Institute of Artificial Intelligence and Robotics, Xi'an Jiaotong University, Xi'an 710049, China.
HERE Technologies, Chicago, IL 60606, USA.
Sensors (Basel). 2018 Jun 21;18(7):1979. doi: 10.3390/s18071979.
Research in human action recognition has accelerated significantly since the introduction of powerful machine learning tools such as Convolutional Neural Networks (CNNs). However, effective and efficient methods for incorporation of temporal information into CNNs are still being actively explored in the recent literature. Motivated by the popular recurrent attention models in the research area of natural language processing, we propose the Attention-aware Temporal Weighted CNN (ATW CNN) for action recognition in videos, which embeds a visual attention model into a temporal weighted multi-stream CNN. This attention model is simply implemented as temporal weighting yet it effectively boosts the recognition performance of video representations. Besides, each stream in the proposed ATW CNN framework is capable of end-to-end training, with both network parameters and temporal weights optimized by stochastic gradient descent (SGD) with back-propagation. Our experimental results on the UCF-101 and HMDB-51 datasets showed that the proposed attention mechanism contributes substantially to the performance gains with the more discriminative snippets by focusing on more relevant video segments.

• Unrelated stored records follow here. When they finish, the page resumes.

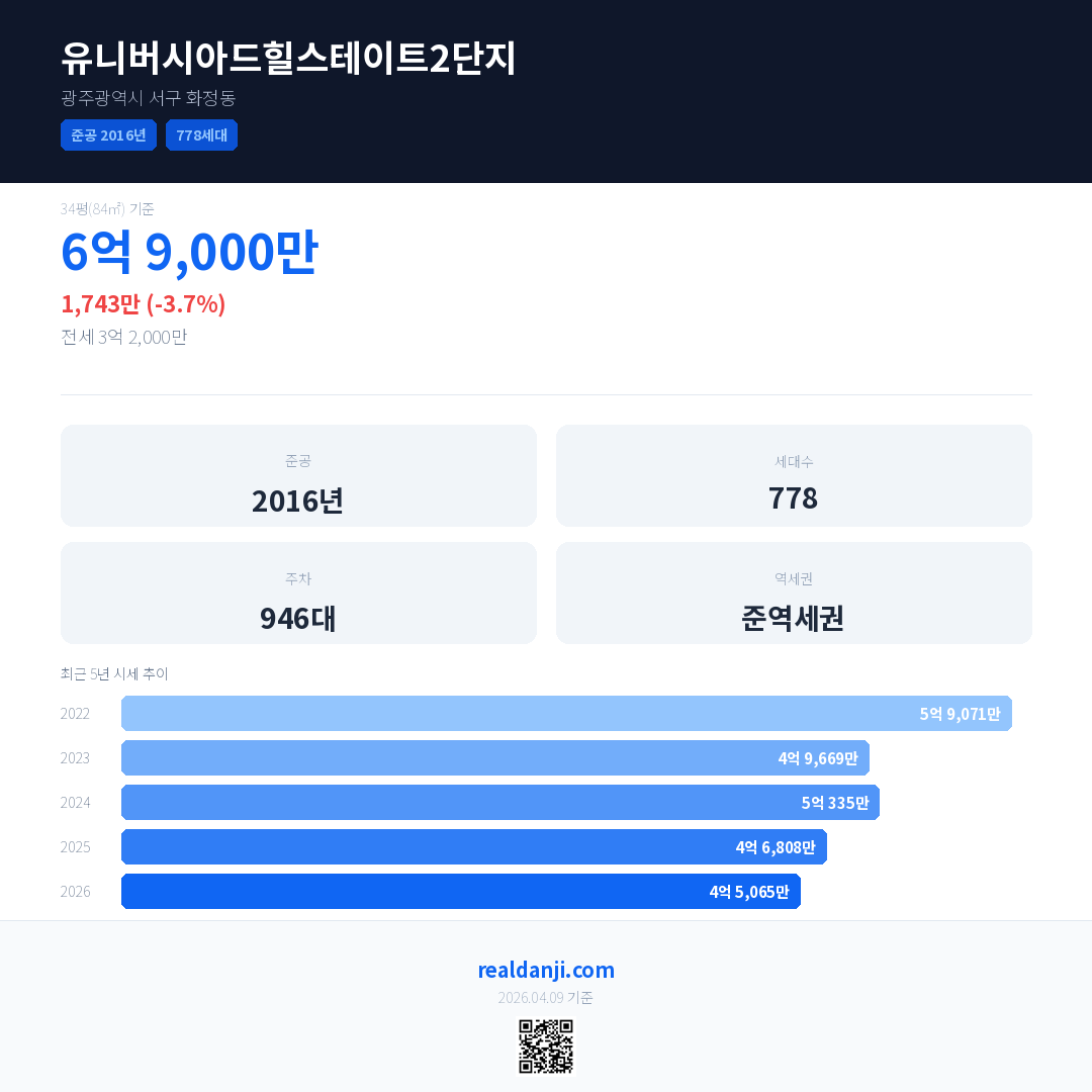 유니버시아드힐스테이트2단지은(는) 2016년에 준공되었으며, 현재 10년차입니다. 총 778세대 규모입니다.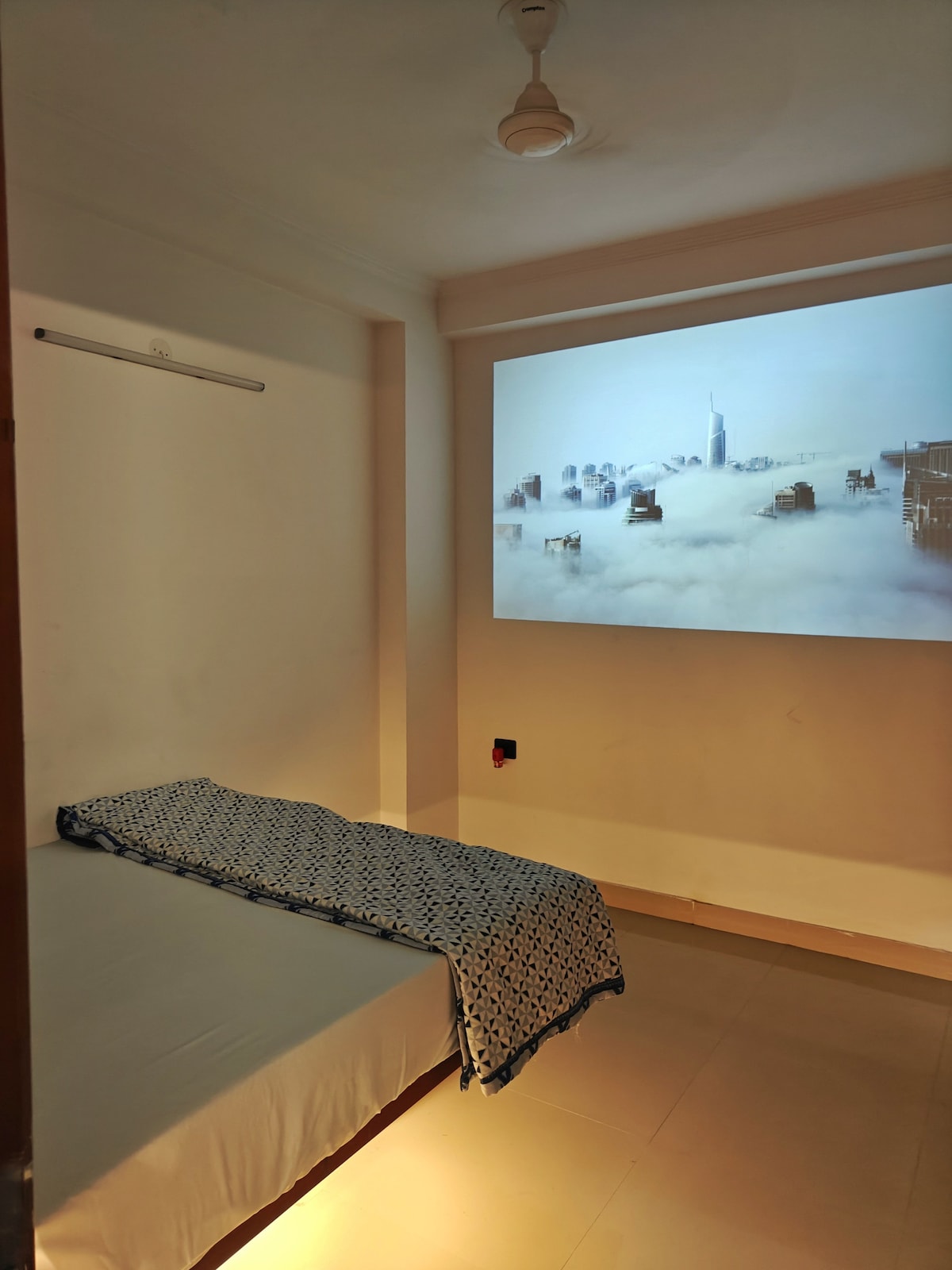 ➽ Spacious 1BHK apartment with an attached patio, fully air-conditioned. All rooms have 1.5-ton ACs. ➽ Sun-facing property in a high-income neighborhood, three-side open, park-facing, and well-ventilated with ample natural light and fresh air. ➽ Movie nights with a projector, 20W soundbar and Amazon Fire Stick with OTT apps. ➽ Fully equipped kitchen with essentials for convenient cooking. ➽ Relax on the stunning private terrace patio with ambient lights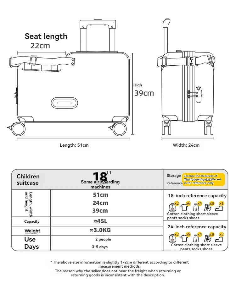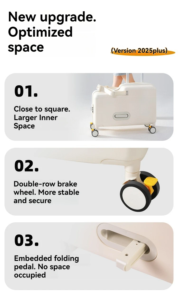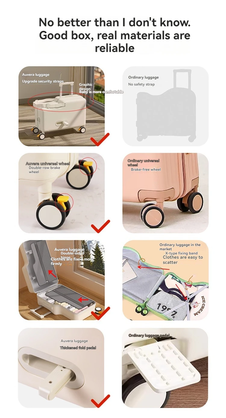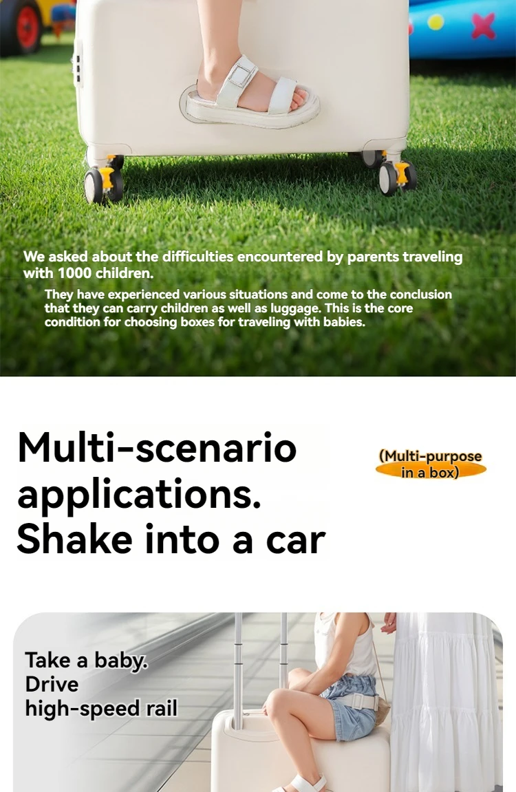 Luggage, children can sit, ride, and board, suitcase, trolley, universal wheel, brake, travel bag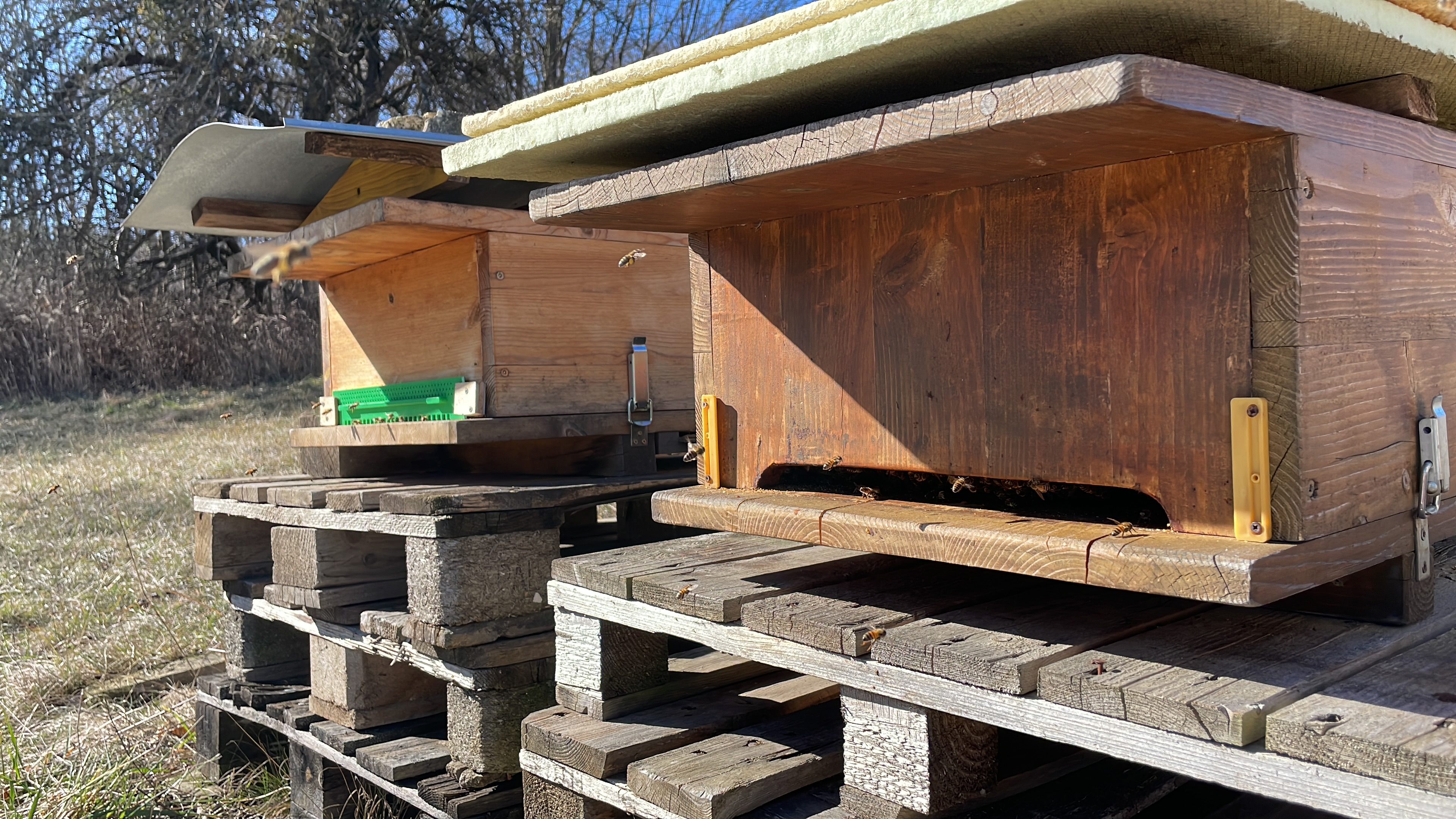 HeYo! Gestern hab ich mich kurzerhand entschlossen zu den Bienchens zu schauen. Sonne und knapp 20 Grad!! Ich dachte, die fliegen heute sicher …und ich hab sie heuer noch nicht richtig fliegen sehen …außerdem bei den warmen Temperaturen kann ich auch mal von hinten reingucken …gehts ihnen eh gut?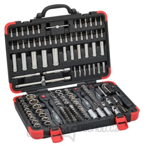172-dílná sada nástrčných klíčů / hlavic 1/4", 3/8" a 1/2" a dalšího nářadí v plastovém kufru.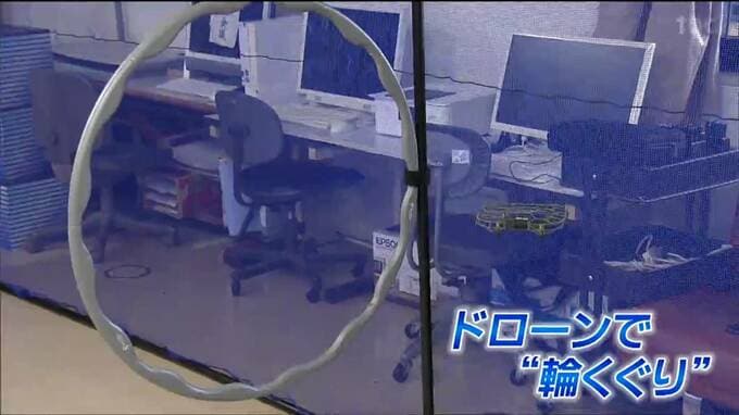 参加者は、屋内用ドローンを使って輪をくぐらせるゲームに挑戦しました。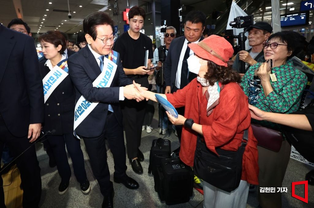 이재명 더불어민주당 대표가 13일 서울 용산역에서 시민들을 만나 추석 귀성인사를 하고 있다. 사진=김현민 기자 kimhyun81@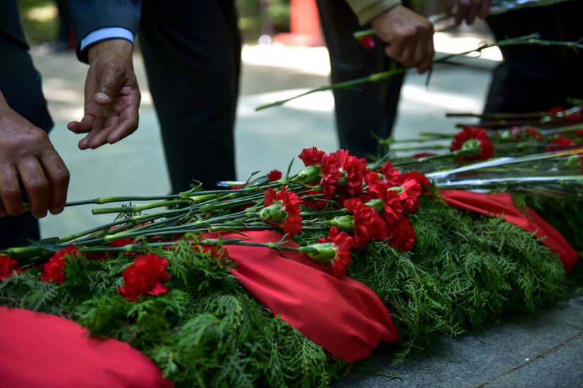 Иш-чара эстеликке гүл коюу менен башталып, «Жалгыз аялдын үнү» музыкалык чыгармасы жаңырды. Андан соң каза болгондорду эскерүү үчүн бир мүнөт унчукпай туруу жарыяланып, үч жолу залп менен ок атылды.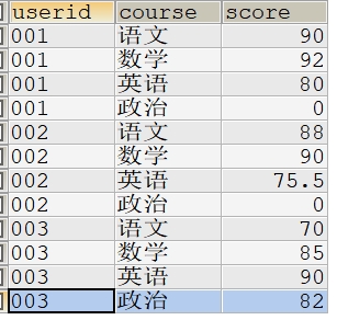 INSERT INTO tb_score(userid,SUBJECT,score) VALUES ('003','政治',82);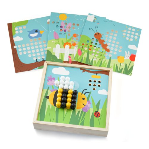 Rozohrajte obrázky s motívmi záhradky pomocou rôznofarebných kolíčkov. Umiestňujte ich v súlade s okolitými farbami, alebo podľa vlastnej fantázie. Nechajte deti hrou rozpoznávať farby, rozvíjať poznávacie schopnosti, sústredenie a zručnosť. Obrázky sa umiestňujú na veko kompaktnej krabičky, do ktorej môžete všetky súčasti prakticky uložiť. Mozaika tak môže byť vždy uprataná aj pripravená na cesty. Všetky súčasti sú vyrobené z kvalitného a zodpovedne získaného dreva, ktoré je príjemné na dotyk, a pomáha tak prirodzene stimulovať hmat. Hlavné vlastnosti:4 obrázky a 96 kolíčkov (8 rôznych farieb)praktické balenieatraktívne drevené spracovanie

自卷积神经网络(CNN)等强大的机器学习工具问世以来,人类动作识别的研究取得了显著进展。然而,在最近的文献中,仍在积极探索将时间信息有效且高效地融入 CNN 的方法。受自然语言处理领域中流行的递归注意模型的启发,我们提出了一种用于视频动作识别的注意力感知时间加权 CNN(ATW CNN),它将视觉注意力模型嵌入到时间加权多流 CNN 中。这种注意力模型通过简单的时间加权来实现,但可以有效提高视频表示的识别性能。此外,所提出的 ATW CNN 框架中的每个流都可以进行端到端训练,通过随机梯度下降(SGD)和反向传播来优化网络参数和时间权重。我们在 UCF-101 和 HMDB-51 数据集上的实验结果表明,所提出的注意力机制通过关注更相关的视频片段,通过关注更具判别力的片段,为性能提升做出了重大贡献。